When he went to jail, I was introduced to heroin. At 19, I started slinging dope to support my habit. This lasted about two months until he got out of jail. I went back to the methamphetamine. He started to become very abusive towards me, both physically and mentally. I didn’t know how to get away from him. I thought I was stuck. The next time he got arrested I finally left him.

I started selling ice to once again support my own habit and soon started shooting up. I never thought I would touch a needle, that’s how my dad died. That needle sucked the life out of me, along with my values, morals, and respect for myself and others. I didn’t care what I had to do and was always chasing that next shot. I didn’t have much – but lost everything I had including my car, but most importantly I lost the trust with my family.

I got in another abusive relationship which was probably worse than the previous one and had given up on everything. Mom finally got the Casey Law on me and I manipulated my way out of it for as long as I could until I kept failing drug screens and they court ordered me to treatment.

I ran after staying one night and I was on the run for about 2 weeks until I was arrested. I spent 8 days in jail, then got sent to the W.A.R.M. Center in Henderson. I also stayed one night there, only to run the next day and was arrested – that same day. I spent 64 days in jail before going to my third treatment center.

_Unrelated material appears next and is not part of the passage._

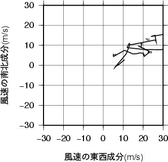 表中のMUCAPE850hPaは、最不安定CAPE(地上~850hPa高度間で)を示す。 気温、露点の鉛直分布(エマグラム)八丈島 1992年10月30日21時(高層気象観測データを使用)![]() 赤線は、地表付近の空気塊を仮想的に上昇させたときの空気塊の温度の変化を示す。 湿球温位、温位、相当温位、飽和相当温位の鉛直分布八丈島 1992年10月30日21時(高層気象観測データを使用)![]() 風のホドグラフ(広域)八丈島 1992年10月30日21時(高層気象観測データを使用)![]() 風のホドグラフ(拡大)八丈島 1992年10月30日21時(高層気象観測データを使用)![]() |

Well, the third time was definitely the charm for me. I went through phase one at Beth’s Blessing in Annville through Addiction Recovery Care. Phase two at Karen’s Place, then upon completion of the program, I started an internship with the company. I don’t even know where to begin and explain everything that God has restored in my life over the past few months.

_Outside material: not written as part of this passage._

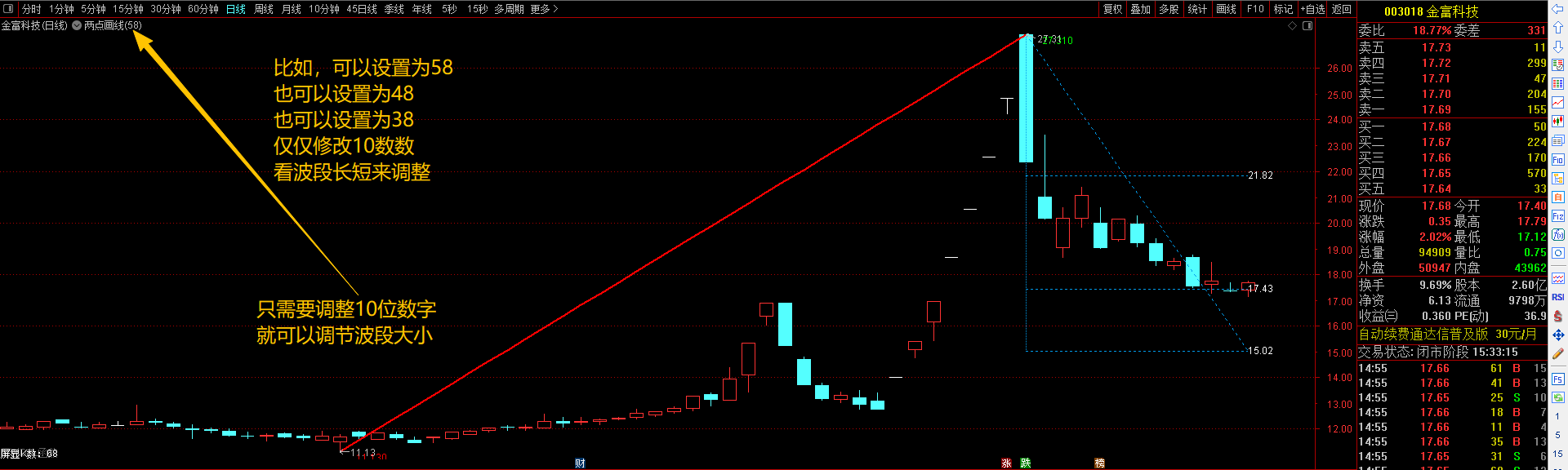 三,仅为两点画线,主要用于回调找支撑,或者反弹找压力

I got myself back, I have a car, I have a job, I have an amazing family within this company, but I also have my family back. I will be a Certified Peer Support Specialist in Kentucky on August 2nd when I hit my 1 year sobriety date. I am actually about to start school this week at Sullivan University for the Peer Support Academy.

I have never done anything like this before – aside from walking across the stage and getting my diploma. God has restored things in my life twenty times more than I asked him for and this isn’t even the beginning. I finally have a real smile on my face again that I’m not forcing to be there, I can’t stop it actually. I can finally laugh again and just have fun.

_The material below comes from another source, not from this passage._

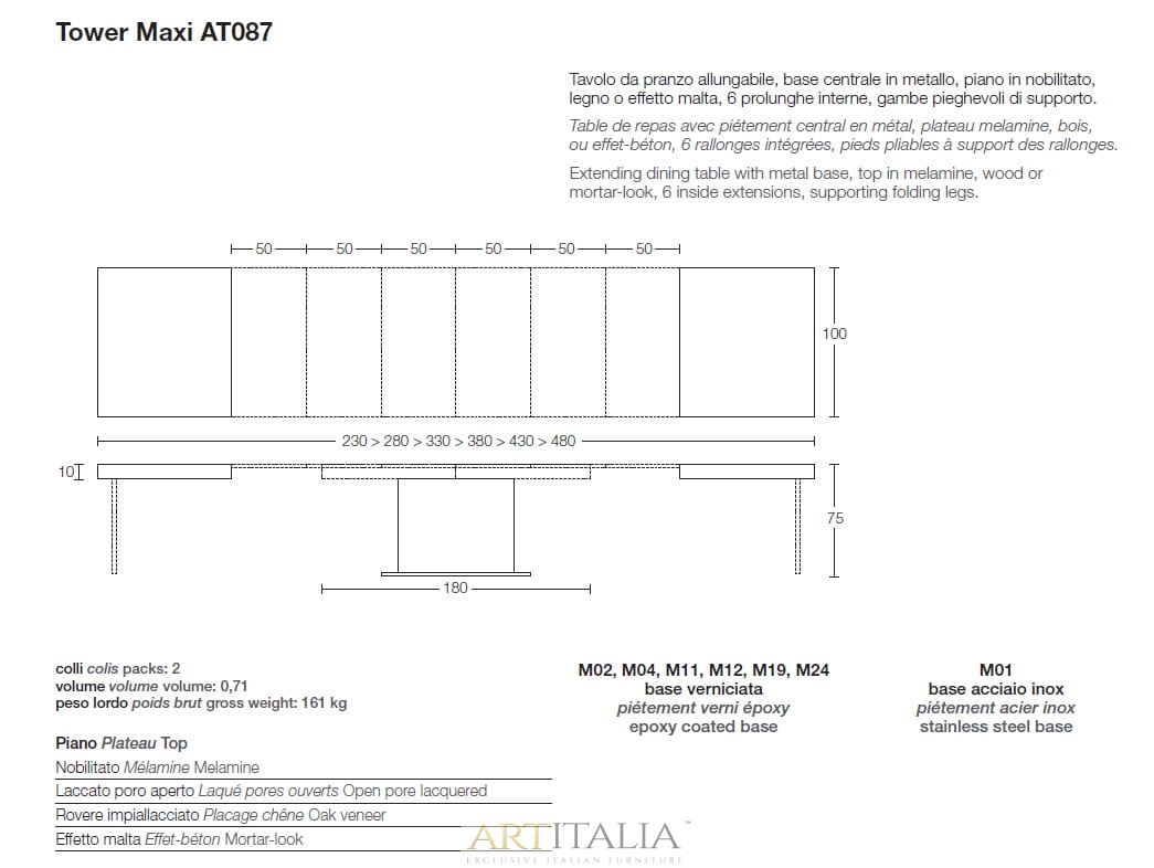 Włoskie nowoczesne stoły marki Altacom do salonu, jadalni, kuchni. Model Maxi Tower rozkładany do 480 cm

The last few years have been very rocky for me but it has brought me to where I am at now. And I’m content with that. I’m proud of the twenty-year old that is standing here today.

Hope is real, change is possible, your life can and will be restored. I was cooking food on a kerosene heater this time last year, and now I have money to go buy my food. I don’t have to live like that anymore and you don’t either. There is light at the end of the tunnel – just reach for it. All you have to do is reach out and ask for help.

God didn’t save me for me to sit back and enjoy it all to myself. I am just another example of the possibilities of overcoming addiction.